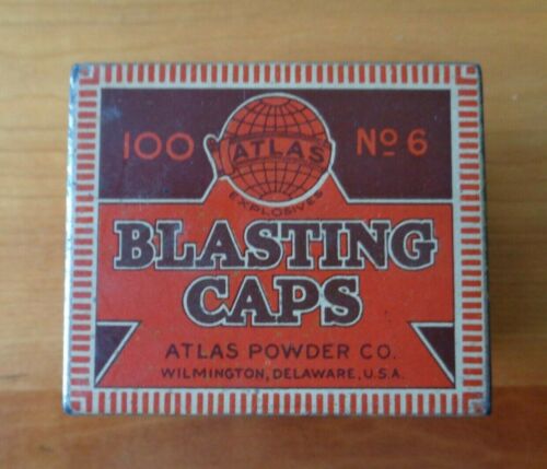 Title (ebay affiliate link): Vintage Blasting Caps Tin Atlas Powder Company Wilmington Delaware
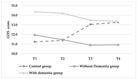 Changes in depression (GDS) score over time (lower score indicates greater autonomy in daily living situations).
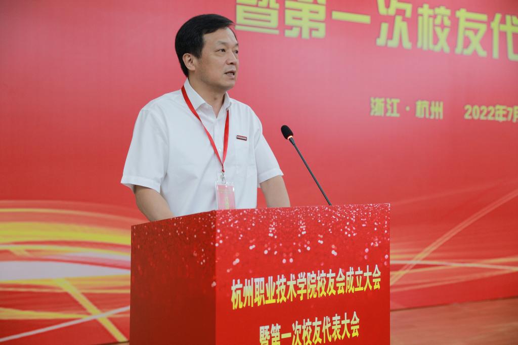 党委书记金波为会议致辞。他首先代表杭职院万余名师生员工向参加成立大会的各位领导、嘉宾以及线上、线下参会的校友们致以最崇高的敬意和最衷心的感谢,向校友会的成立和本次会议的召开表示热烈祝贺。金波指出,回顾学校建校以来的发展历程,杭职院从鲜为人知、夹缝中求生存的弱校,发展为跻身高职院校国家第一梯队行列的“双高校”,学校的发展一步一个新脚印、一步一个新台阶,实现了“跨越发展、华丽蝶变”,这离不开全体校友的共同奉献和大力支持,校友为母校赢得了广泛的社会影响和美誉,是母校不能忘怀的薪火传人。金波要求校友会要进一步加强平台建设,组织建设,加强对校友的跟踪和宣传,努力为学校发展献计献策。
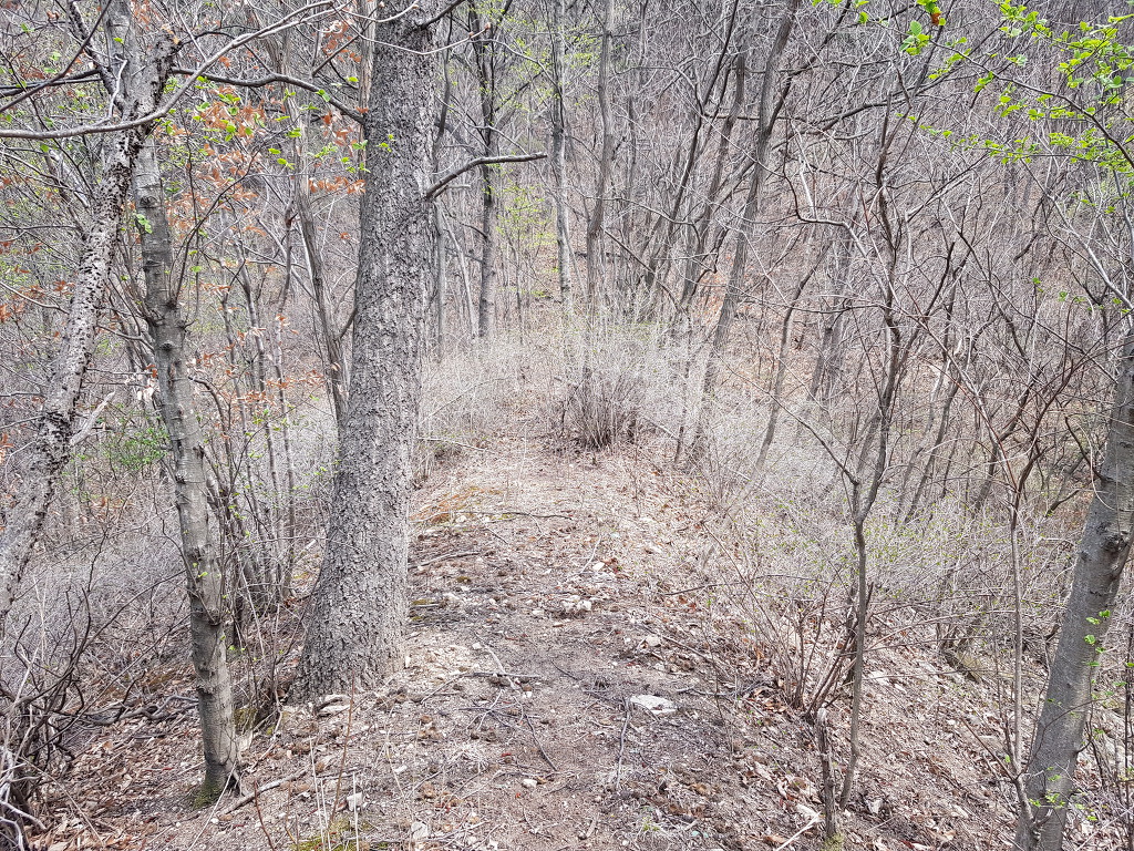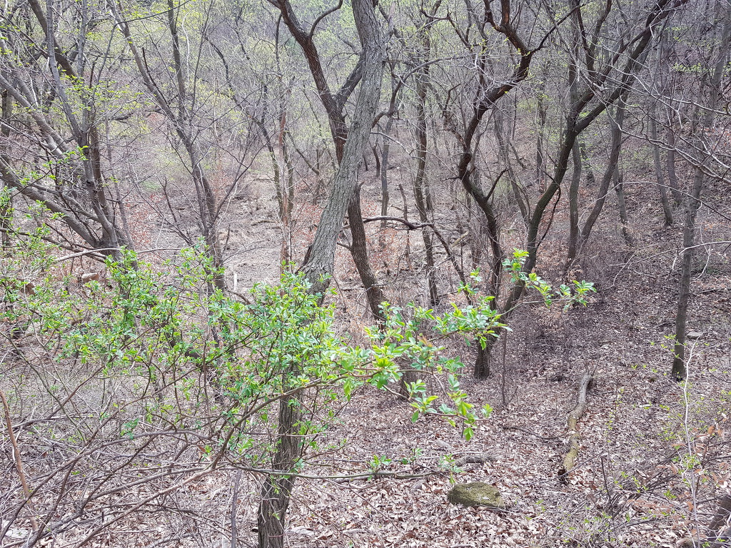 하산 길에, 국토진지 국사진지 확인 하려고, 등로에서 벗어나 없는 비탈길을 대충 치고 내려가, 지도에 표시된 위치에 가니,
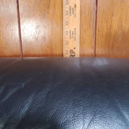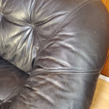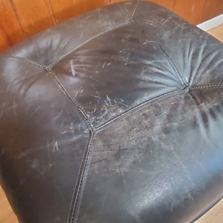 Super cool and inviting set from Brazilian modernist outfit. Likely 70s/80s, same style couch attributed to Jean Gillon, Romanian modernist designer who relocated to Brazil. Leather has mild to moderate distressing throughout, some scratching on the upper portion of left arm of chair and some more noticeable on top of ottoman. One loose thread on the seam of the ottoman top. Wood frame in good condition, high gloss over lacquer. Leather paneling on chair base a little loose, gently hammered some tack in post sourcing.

★ ★ ★ ★ ★

* **WHAT TO DO**: Retype the lines from the one containing "Changes in depression" down to the last line of the records, both included, exactly and nothing more. Pictures stay out.

* **WORKED SOLUTION**:
 Changes in depression (GDS) score over time (lower score indicates greater autonomy in daily living situations).
 党委书记金波为会议致辞。他首先代表杭职院万余名师生员工向参加成立大会的各位领导、嘉宾以及线上、线下参会的校友们致以最崇高的敬意和最衷心的感谢,向校友会的成立和本次会议的召开表示热烈祝贺。金波指出,回顾学校建校以来的发展历程,杭职院从鲜为人知、夹缝中求生存的弱校,发展为跻身高职院校国家第一梯队行列的“双高校”,学校的发展一步一个新脚印、一步一个新台阶,实现了“跨越发展、华丽蝶变”,这离不开全体校友的共同奉献和大力支持,校友为母校赢得了广泛的社会影响和美誉,是母校不能忘怀的薪火传人。金波要求校友会要进一步加强平台建设,组织建设,加强对校友的跟踪和宣传,努力为学校发展献计献策。
 하산 길에, 국토진지 국사진지 확인 하려고, 등로에서 벗어나 없는 비탈길을 대충 치고 내려가, 지도에 표시된 위치에 가니,
 Super cool and inviting set from Brazilian modernist outfit. Likely 70s/80s, same style couch attributed to Jean Gillon, Romanian modernist designer who relocated to Brazil. Leather has mild to moderate distressing throughout, some scratching on the upper portion of left arm of chair and some more noticeable on top of ottoman. One loose thread on the seam of the ottoman top. Wood frame in good condition, high gloss over lacquer. Leather paneling on chair base a little loose, gently hammered some tack in post sourcing.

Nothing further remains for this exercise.